調整機能がさらに充実した「CREAS Pro」

BDZ-AX2700Tの画質調整項目は極めて数が多く、自分で好みの映像に追い込みたいという人には挑戦しがいがある

BDZ-AX2700Tの画質調整項目は極めて数が多く、自分で好みの映像に追い込みたいという人には挑戦しがいがある

 そして、デコードされた信号を高画質化する「CREAS Pro」は、名称こそ従来機に搭載されていたものと同じだが、内部的にはかなり強化されている。

 16bit高画質化回路であるCREAS Proは、BDZ-AX2700Tだけに搭載される専用LSIだ。そのほかのモデルに搭載される「CREAS」も、「クリアブラック」や「超解像」などの調整項目はあるのだが、CREAS Proになるとそれが倍増と言っていいほど調整項目数が増える。今回新たにフィーチャーされたのは、「コントラストリマスター3D」と「3Dエンハンス」だ。

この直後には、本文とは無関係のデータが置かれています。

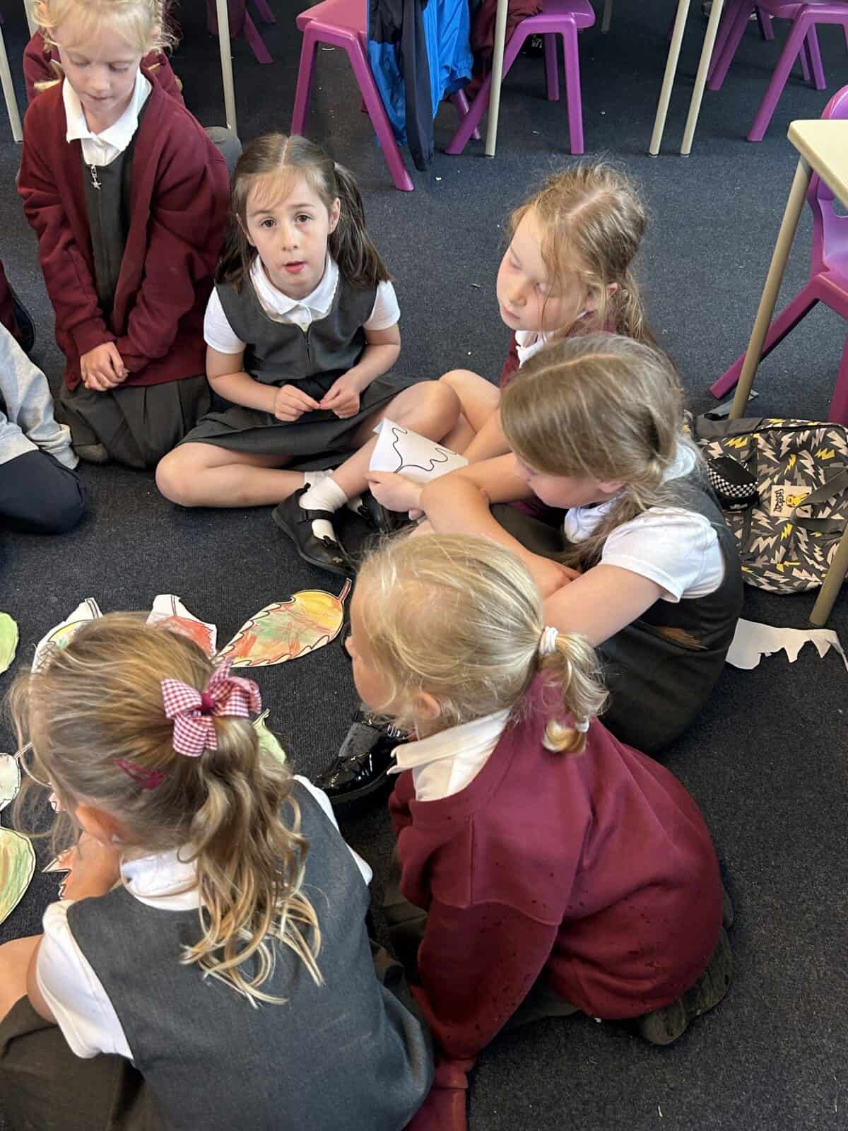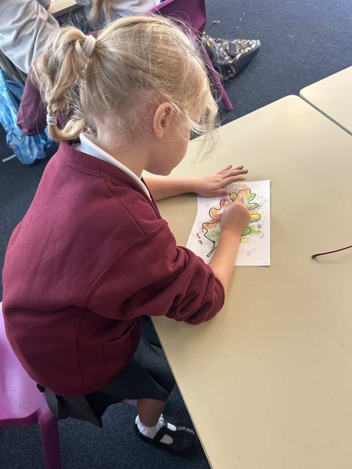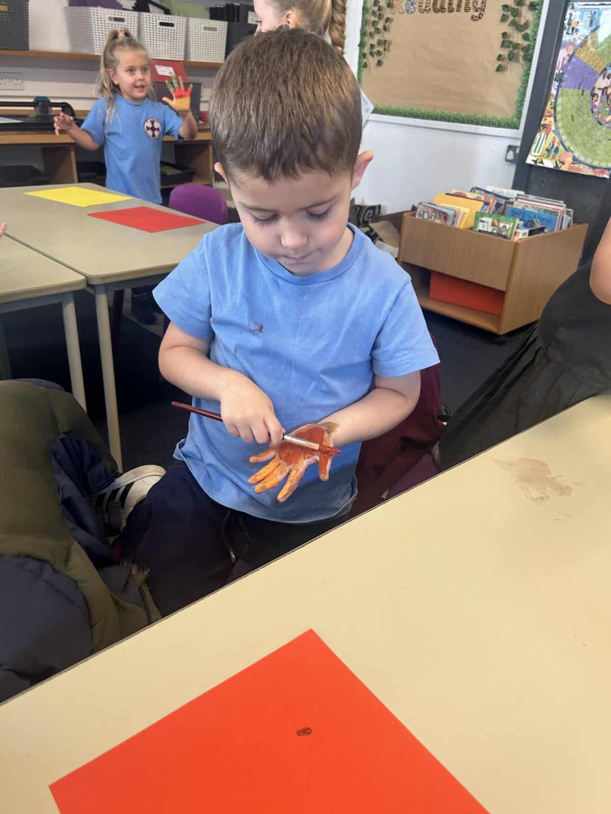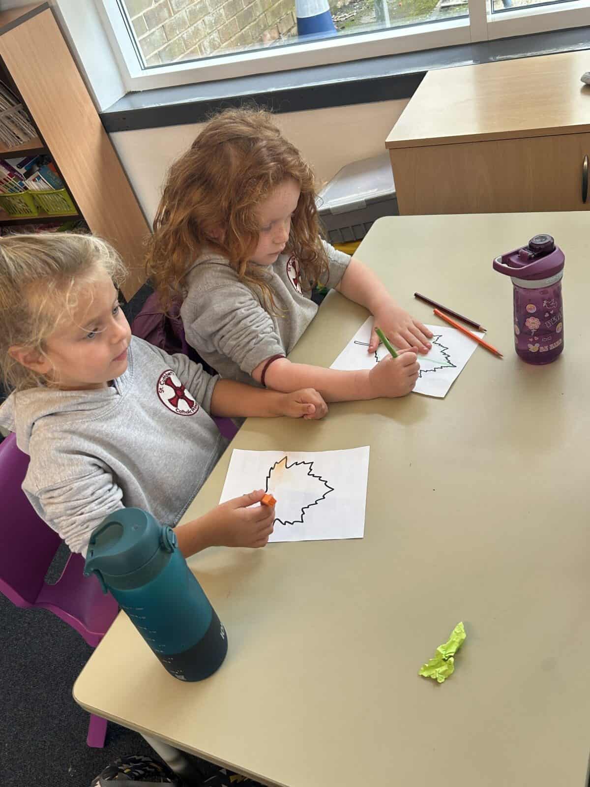 This week, children read Leaf Man and found that leaves go wherever the wind blows. Children then rolled up their sleeves and created autumn coloured hand prints which were then turned into leaves. Along with their chalk leaves, they will be joined together to create autumnal wreaths.

濱田:「今回はCREAS Proの高画質処理で3Dの立体感向上を実現させることが大きなテーマでした。それに合わせて、従来からあるコントラストリマスターも3D対応に合わせて設計から新規にやり直しています」

 「コントラストリマスター」は、映像のコントラスト感を改善する機能だが、一般的なガンマ補正の調整とは異なる(ガンマ補正に近い動作をする機能はクリアブラック)。映像のヒストグラムなどを分析し、映像のダイナミックレンジを十分に使い切っていないシーンで明暗の幅を拡大するといった動作をする。

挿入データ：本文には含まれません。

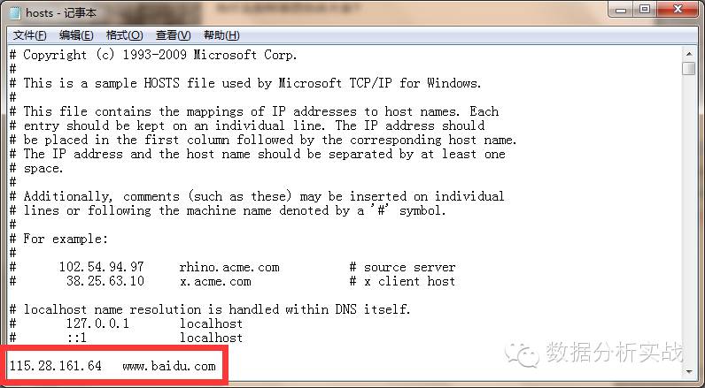 首先我们说一下原理,什么是hosts,非常简单,我们来做一个实验。
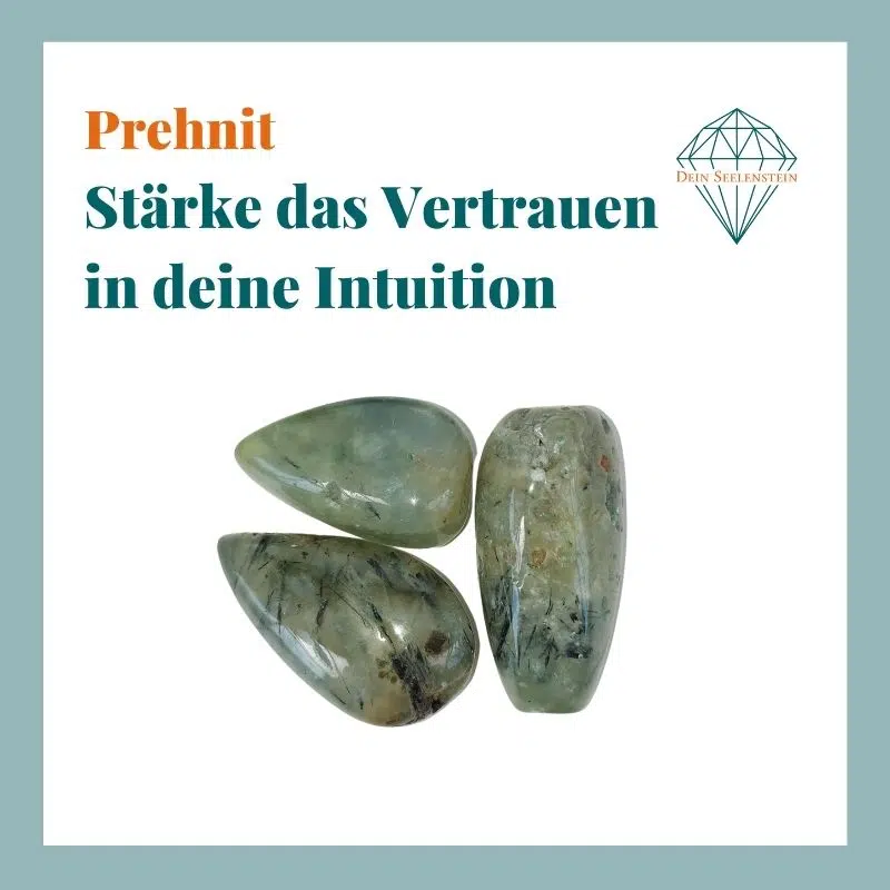 Prehnit gilt als Stein der bedingungslosen Liebe. Er ist der perfekte Stein zur Verbesserung der Intuition, „Stein der Vorhersage“. Prehnit verbindet das Herz direkt mit dem Solarplexus Chakra. Er hilft, unangenehme Wahrheiten zu akzeptieren. Außerdem lehrt er, wie man im Einklang mit der Natur und den Elementen ist.

「コントラストリマスター」の画質比較。左が0(オフ)で、右が4(最大)。映像のコントラスト感は高まっているが、黒潰れや白飛びなどの発生が少ないことが特徴

 従来は黒浮きの改善が主体だったのだが、今回は白沈みの改善も積極的に行なうようになっており、より明暗の幅が広い映像を再現できる。これは3D映像の陰影を強め、立体感を高めることが目的だが、3Dメガネを通過することで明るさが低減して元気のない映像に感じてしまう点を改善する効果もある。

 明るさのピークを拡張することで、3D映像でも明るく見やすい映像が再現できるようになったというわけだ。もちろん白飛びが発生してしまうようなことも少ない。

3Dエンハンスの調整画面。0(オフ)/1/2/3/4の4段階で、効果の度合いを調整できる

3Dエンハンスの調整画面。0(オフ)/1/2/3/4の4段階で、効果の度合いを調整できる

 そして3Dエンハンスは3D映像の左右の映像を比較し、被写体が前に出て、ぼやけた背景が奥に引っ込むような典型的なシーンで、前に出る被写体だけを鮮明に再現することで、ぼやけた背景との立体感をより明瞭に再現するもの。

 コントラストマスター3Dにも言えることだが、基本的に元の映像の不足を補う方向で処理が行なわれるため、コントラストが強すぎてギラギラするとか、不自然に飛び出し感が強調されるようなことはない。あくまでも自然な映像の質感を維持したまま、映像の表現力が広がる印象だ。